The Client warrants that he had the permission of the owner of the Drawing to send the Drawing to the Artist.

SCHEDULE


Clause 1 of the above terms and conditions (Definitions and interpretation) applies to this Schedule.
The following is information which the Company is required to make available to the Client under The Consumer Contracts (Information, Cancellation and Additional Charges) Regulations 2013.
The main characteristics of the goods to be supplied by the Company are: they are paintings; they will be painted by the Artist; and they will be based on the Study.
The identity of the Company is Atela Hayes Limited, company registration number 09268406.
The geographical address at which the Company is established is 2 Chawley Park, Cumnor Hill, Oxford, OX2 9GG, UK. The Company’s telephone number is 07881 808887 and its e-mail address is richardhayes@AtelaHayes.co.uk.
The Company is not acting on behalf of another trader.

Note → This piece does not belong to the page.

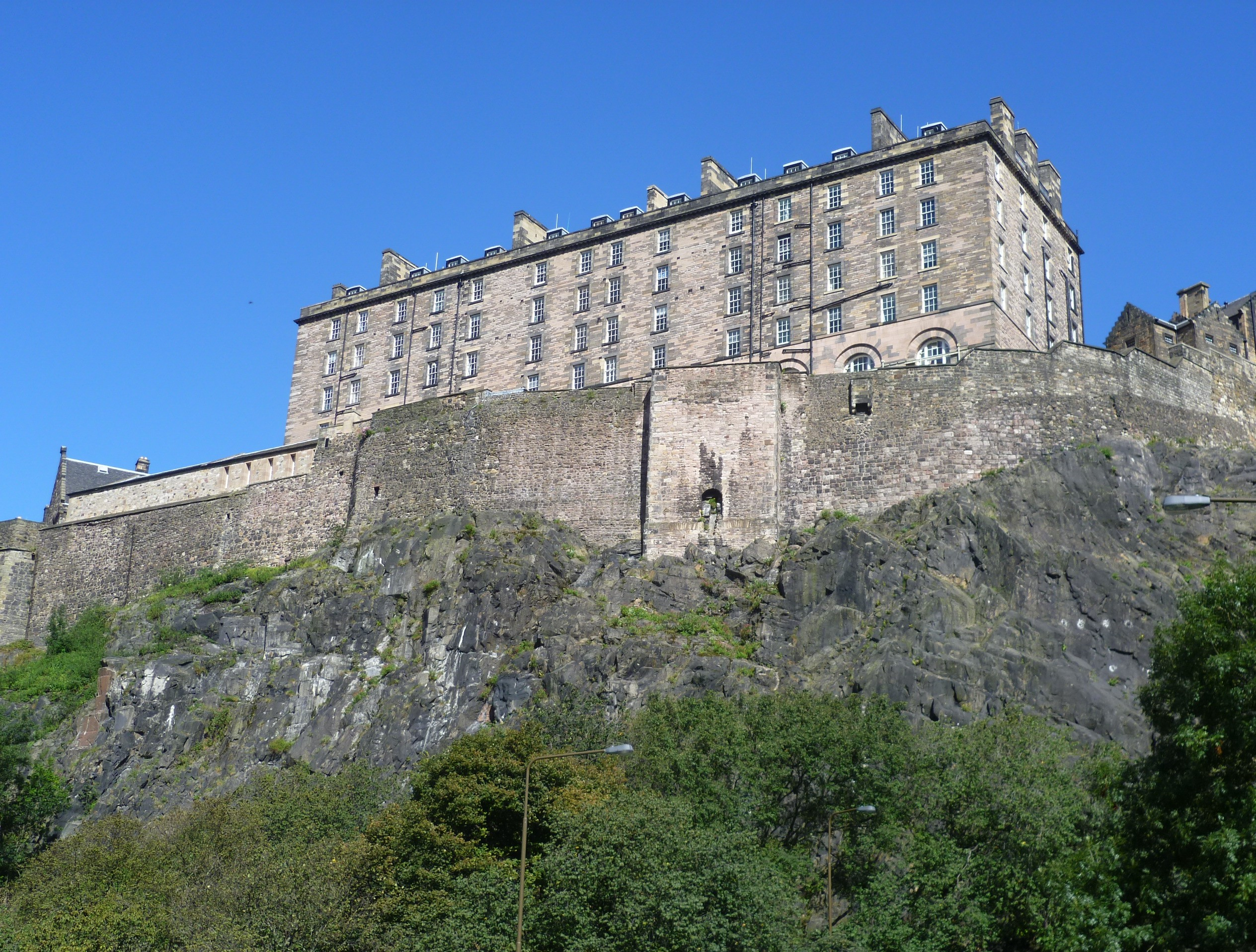 The New Barracks, Edinburgh Castle "Edinburgh Castle...he owned was 'a great place'. But I must mention, as a striking instance of that spirit of contradiction to which he had a strong propensity, when Lord Elibank was some days after talking of it with the natural elation of a Scotchman, or of any man who is proud of a stately fortress in his own country. Dr. Johnson affected to despise it, observing that, 'it would make a good prison in ENGLAND.' " -- James Boswell, Journal of a Tour to the Hebrides with Samuel Johnson, 1785

The geographical address of the place of business of the Company is 2 Chawley Park, Cumnor Hill, Oxford, OX2 9GG, UK. Any complaint by the Client can be addressed to the Company there.
The total price of the goods inclusive of taxes is as stated in the Agreement.
There may be additional charges for framing and delivery of the Pictures, but such additional charges are a matter for negotiation between the Client and the Framer. They are not due under this Agreement, nor are they levied by the Company.
If this contract is concluded using any means of distance communication, there is no additional charge for that.
The arrangements for payment are set out in clause 2.7 of the above terms and conditions.
The arrangements for delivery are set out in clause 2.8 of the above terms and conditions.
The arrangements for performance of the contract are set out in clause 2 of the above terms and conditions.
The time by which the Company undertakes to deliver the goods is as set out in clause 2.8 of the above terms and conditions, which must be read in conjunction with clauses 2.2, 2.6 and 2.7.
Any complaint by the Client should be sent by e-mail to richardhayes@AtelaHayes.co.uk or by post to 2 Chawley Park, Cumnor Hill, Oxford, OX2 9GG, UK and the Company will respond within 21 days.
The Client will not benefit from a right to cancel the Agreement because the goods are made to the Client’s specifications and/or are clearly personalised.
The Company is under a legal duty to supply goods that are in conformity with the contract.
There are no relevant codes of conduct.
The duration of the contract is from the date of the Agreement until the parties’ obligations under it have been fulfilled. Attention is drawn to clause 2 of the above terms and conditions.
A deposit is to be paid by the Client to the Company as stated in the Agreement.
This is not a contract for the supply of digital content.